What separators does it recognize?

The tool recognizes " - " (space-dash-space), " | " (space-pipe-space), and " / " (space-slash-space) as separators between the base product name and the variant descriptor.

What if my products do not use separators?

The fuzzy matching passes will still try to group products that share the same first two or more words, or share common suffix words. For example, "Blue Cotton Shirt" and "Red Cotton Shirt" would be grouped by shared suffix.

Can I use this with non-Shopify products?

Yes. This tool works with any list of product titles regardless of platform. It is useful for planning your product structure before importing into Shopify.

Why are some of my products not being grouped?

Products remain ungrouped when their titles do not share enough common text with any other product. This usually means the product is truly unique in the collection, or its title uses a different naming convention than related products. Check for typos, inconsistent spacing, or missing separators.

What does the pass label next to each group mean?

The pass label tells you which algorithm matched the group. "Separator prefix" means the products share the same text before a dash, pipe, or slash. "Shared prefix words" means they share the same first two words without a separator. Understanding which pass matched helps you evaluate whether the grouping makes sense.

How many products can I analyze at once?

There is no hard limit, but the tool is optimized for collections of up to a few hundred products. For very large catalogs, consider analyzing one collection or category at a time for more manageable results.

Can a product belong to more than one group?

No. Each product is assigned to at most one group. Once matched in an earlier pass, it is excluded from later passes. This prevents confusing duplicate assignments and ensures clean, actionable results.

How do I use these results with Rubik Combined Listings?

Each group identified by this tool corresponds to one combined listing you would create in Rubik. Install Rubik, navigate to the combined listings section, and set up groups that match the ones shown here. Rubik can also auto-detect groups using similar logic, so you may find the setup is already done for you.

Should I rename my products before or after setting up combined listings?

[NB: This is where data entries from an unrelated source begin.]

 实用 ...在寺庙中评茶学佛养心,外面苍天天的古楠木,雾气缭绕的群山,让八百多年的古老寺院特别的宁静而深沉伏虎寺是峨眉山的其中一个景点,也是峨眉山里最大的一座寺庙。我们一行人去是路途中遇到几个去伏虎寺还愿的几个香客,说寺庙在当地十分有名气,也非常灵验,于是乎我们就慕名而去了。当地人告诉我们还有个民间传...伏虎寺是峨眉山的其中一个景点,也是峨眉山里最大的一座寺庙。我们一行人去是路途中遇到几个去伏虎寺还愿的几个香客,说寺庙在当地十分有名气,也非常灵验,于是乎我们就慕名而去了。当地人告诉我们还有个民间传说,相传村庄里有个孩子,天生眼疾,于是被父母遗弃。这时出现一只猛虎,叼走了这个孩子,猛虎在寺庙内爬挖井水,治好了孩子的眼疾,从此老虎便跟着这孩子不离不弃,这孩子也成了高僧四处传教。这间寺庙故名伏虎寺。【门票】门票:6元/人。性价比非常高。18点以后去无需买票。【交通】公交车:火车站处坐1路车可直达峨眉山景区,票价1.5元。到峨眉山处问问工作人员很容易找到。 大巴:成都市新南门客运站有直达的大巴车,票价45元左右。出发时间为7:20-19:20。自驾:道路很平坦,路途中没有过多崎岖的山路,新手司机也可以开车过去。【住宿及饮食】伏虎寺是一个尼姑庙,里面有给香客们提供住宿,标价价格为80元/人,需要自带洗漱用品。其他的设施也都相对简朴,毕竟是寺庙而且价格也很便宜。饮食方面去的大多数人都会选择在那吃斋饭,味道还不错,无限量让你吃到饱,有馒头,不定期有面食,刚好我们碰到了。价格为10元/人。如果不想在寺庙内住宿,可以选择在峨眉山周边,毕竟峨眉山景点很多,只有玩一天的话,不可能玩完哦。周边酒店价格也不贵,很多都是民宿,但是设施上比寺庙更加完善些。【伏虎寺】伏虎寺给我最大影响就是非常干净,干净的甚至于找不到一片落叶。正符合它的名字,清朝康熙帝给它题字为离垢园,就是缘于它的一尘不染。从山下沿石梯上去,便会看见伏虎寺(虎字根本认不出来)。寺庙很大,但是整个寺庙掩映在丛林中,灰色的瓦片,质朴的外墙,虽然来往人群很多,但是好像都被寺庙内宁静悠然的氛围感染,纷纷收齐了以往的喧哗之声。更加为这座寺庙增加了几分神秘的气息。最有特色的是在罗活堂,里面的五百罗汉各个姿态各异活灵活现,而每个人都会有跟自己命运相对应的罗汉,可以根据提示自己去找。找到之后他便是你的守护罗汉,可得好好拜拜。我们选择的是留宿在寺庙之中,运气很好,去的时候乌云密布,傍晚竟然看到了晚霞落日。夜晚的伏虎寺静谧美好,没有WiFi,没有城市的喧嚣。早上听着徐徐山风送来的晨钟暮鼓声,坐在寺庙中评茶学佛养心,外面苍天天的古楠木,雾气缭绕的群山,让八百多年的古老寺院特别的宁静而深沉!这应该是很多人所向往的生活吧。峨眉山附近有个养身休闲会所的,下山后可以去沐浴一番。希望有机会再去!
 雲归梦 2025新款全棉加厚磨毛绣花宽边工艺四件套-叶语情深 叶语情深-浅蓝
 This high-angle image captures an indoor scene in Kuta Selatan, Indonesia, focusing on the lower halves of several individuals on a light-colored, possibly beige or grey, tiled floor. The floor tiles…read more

Before. Consistent naming is the foundation of accurate grouping. Fix any naming inconsistencies revealed by this tool first, then set up your combined listings. Changing product titles after grouping may break existing combined listing configurations.

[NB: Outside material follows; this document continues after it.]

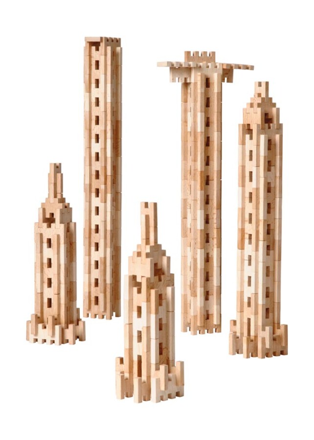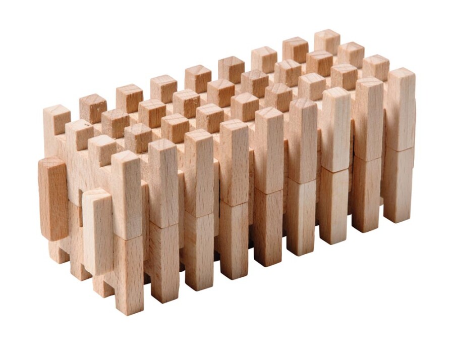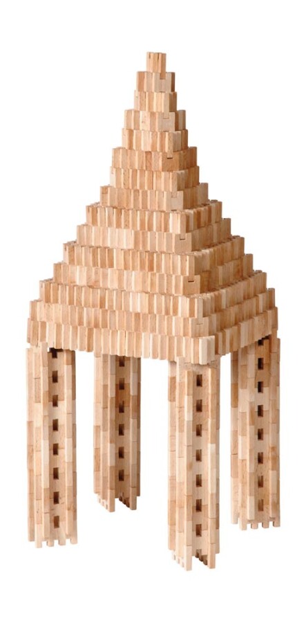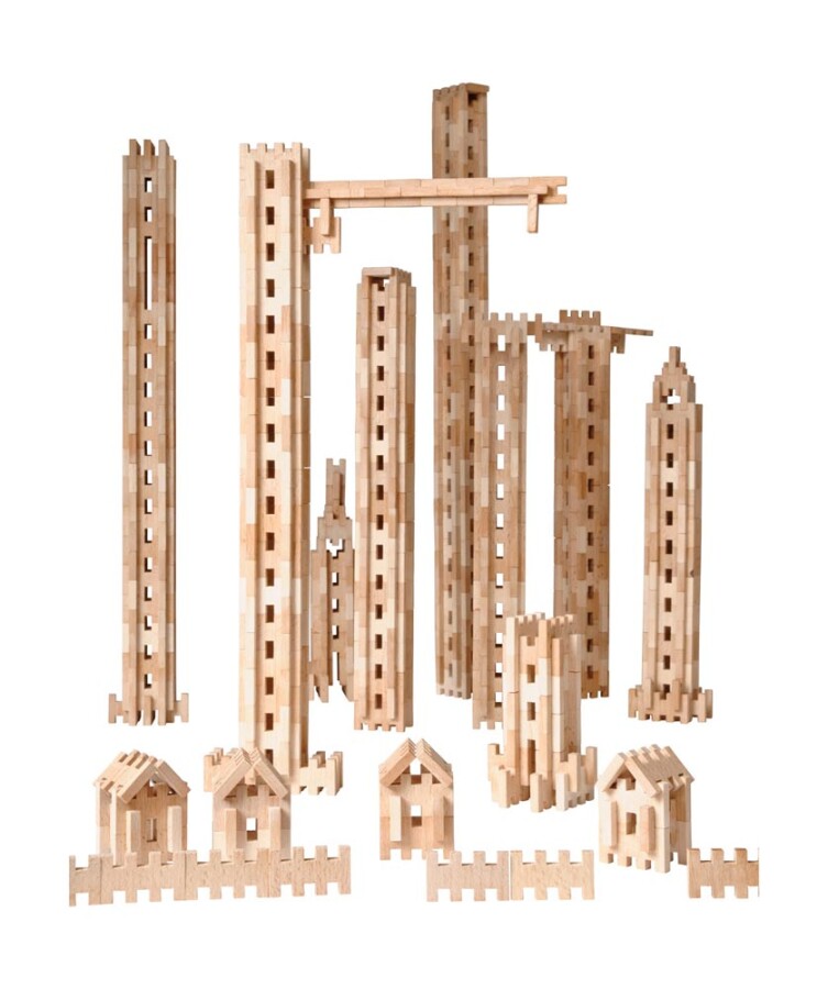 Deze 500-delige set houten steekbouwstenen is een solide basis voor techniek en architectuur in de klas. Tegenoverliggende groeven en tandjes klikken stevig, zodat kinderen planmatig en creatief kunnen bouwen.

Does the order of titles in the input matter?

No. The algorithm analyzes all titles against each other regardless of the order you enter them. However, grouping related titles together in your input makes it easier for you to visually verify the results against your expectations.

What happens if I have duplicate titles in the input?

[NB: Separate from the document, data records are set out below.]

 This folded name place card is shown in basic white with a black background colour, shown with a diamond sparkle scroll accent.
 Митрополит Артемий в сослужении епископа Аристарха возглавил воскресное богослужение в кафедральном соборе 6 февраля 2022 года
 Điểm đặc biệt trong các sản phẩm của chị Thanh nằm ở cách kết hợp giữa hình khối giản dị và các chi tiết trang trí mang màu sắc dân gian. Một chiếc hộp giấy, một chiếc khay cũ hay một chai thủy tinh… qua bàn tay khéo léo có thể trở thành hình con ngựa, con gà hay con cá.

Duplicate titles will be treated as separate products and will be grouped together in the same group. While this technically works, it may indicate an error in your product data. Review duplicate titles to determine if they represent genuinely separate products or data entry mistakes.

Can the tool handle titles in languages other than English?

Yes. The algorithm works on text patterns regardless of language. It splits on the same separator characters and matches shared words in any language. The only limitation is that the separators must be the standard dash, pipe, or slash characters, not language-specific punctuation.

How does this tool differ from Rubik's auto-detection?

This tool and Rubik's auto-detection use similar algorithms, but this tool gives you a preview before installation. You can analyze, review, fix naming issues, and plan your groups before committing to any app or configuration. Rubik's auto-detection then confirms and implements the groups on your live store.

What is the best approach for stores with thousands of products?

Break your catalog into collections or categories and analyze each one separately. Start with your highest-traffic collections where grouping will have the most impact. This focused approach produces manageable results and lets you implement improvements incrementally rather than attempting a massive catalog-wide restructure all at once.